La double rencontre entre l’ambassadeur français, le président de la Refondation et le Premier ministre traduit également une reconnaissance implicite du nouveau pouvoir par la diplomatie française. Elle illustre la volonté de Paris d’adopter une attitude constructive, sans rompre le dialogue ni donner l’impression d’ingérence. En insistant sur l’importance de la participation des civils et de la tenue d’élections libres, la France se positionne comme un partenaire attentif, soucieux d’encourager la légitimité démocratique tout en préservant ses liens historiques avec Madagascar.

Au-delà de la dimension politique, cette rencontre témoigne d’un repositionnement diplomatique visant à adapter la coopération bilatérale aux nouvelles réalités du pays.

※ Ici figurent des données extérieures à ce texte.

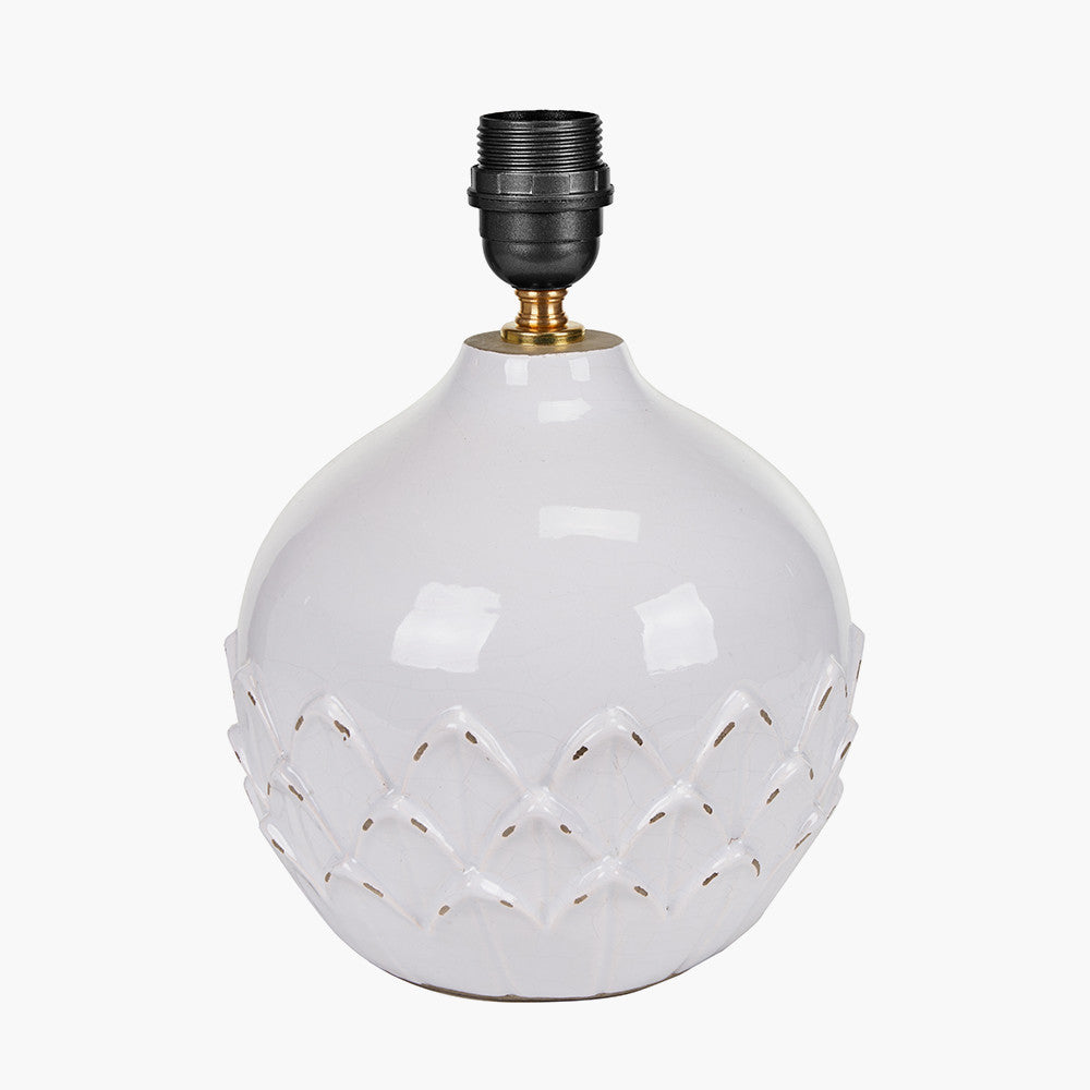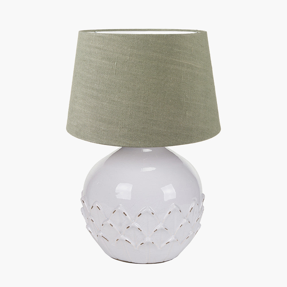 Willow White Leaf Detail Small Stoneware Table Lamp Base with Milos 25cm Pistachio Green Linen Tapered Lampshade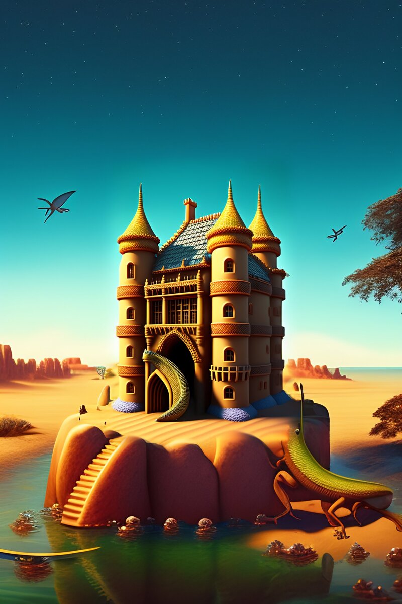 Давным-давно в огромной бесплодной пустыне жила маленькая и ничем не примечательная ящерица. Ящерица была довольна своей простой жизнью, проводя дни, греясь на теплом солнце и охотясь за насекомыми. Но однажды, бродя по дюнам, он наткнулся на величественный и великолепный замок. Он был полностью сделан из песка, и ящерица была потрясена его красотой.

La France, tout en rappelant son attachement à la démocratie, semble vouloir inscrire son action dans une logique d’intérêt mutuel, conjuguant engagement économique, exigence démocratique et pragmatisme.

Redéfinir la coopération franco-malgache dans un contexte sensible

La France entretient avec Madagascar des liens multiples, hérités d’une longue histoire commune. Ces relations se traduisent aujourd’hui par une coopération dense dans les domaines économique, culturel, éducatif et humanitaire. La transition politique en cours oblige néanmoins à repenser les modalités de cette coopération, pour mieux répondre aux attentes de la population et des nouvelles autorités.

Les échanges entre Arnaud Guillois et les dirigeants malgaches ont été qualifiés de « riches et constructifs ». Ils traduisent une démarche claire de reconnaissance du gouvernement de transition et une volonté de redéfinir la coopération bilatérale sur des bases actualisées. L’ambassadeur français a tenu à rappeler combien la France restait attachée à sa relation avec Madagascar et à la nation malgache dans son ensemble.

Sur le plan économique, Paris compte parmi les principaux partenaires financiers de l’île. Les investissements français sont présents dans plusieurs secteurs stratégiques, notamment l’énergie, les télécommunications, les infrastructures et l’agroalimentaire. Parmi les projets emblématiques figure celui du téléphérique d’Antananarivo, financé en grande partie par un prêt français de plus de 100 millions d’euros. Ce projet, qui vise à fluidifier la mobilité urbaine, illustre la volonté de la France de contribuer à la modernisation des infrastructures locales tout en favorisant la visibilité de son expertise technique.

Par ailleurs, plusieurs entreprises françaises demeurent solidement implantées à Madagascar depuis des décennies. Elles constituent un tissu économique important, source d’emplois et de transferts de compétences. Le réseau culturel français, incarné par les alliances françaises et les établissements scolaires agréés, est également l’un des plus denses au monde. Cette présence culturelle, associée à une coopération éducative soutenue, conforte l’influence française dans la région et témoigne d’une relation d’amitié durable entre les deux nations.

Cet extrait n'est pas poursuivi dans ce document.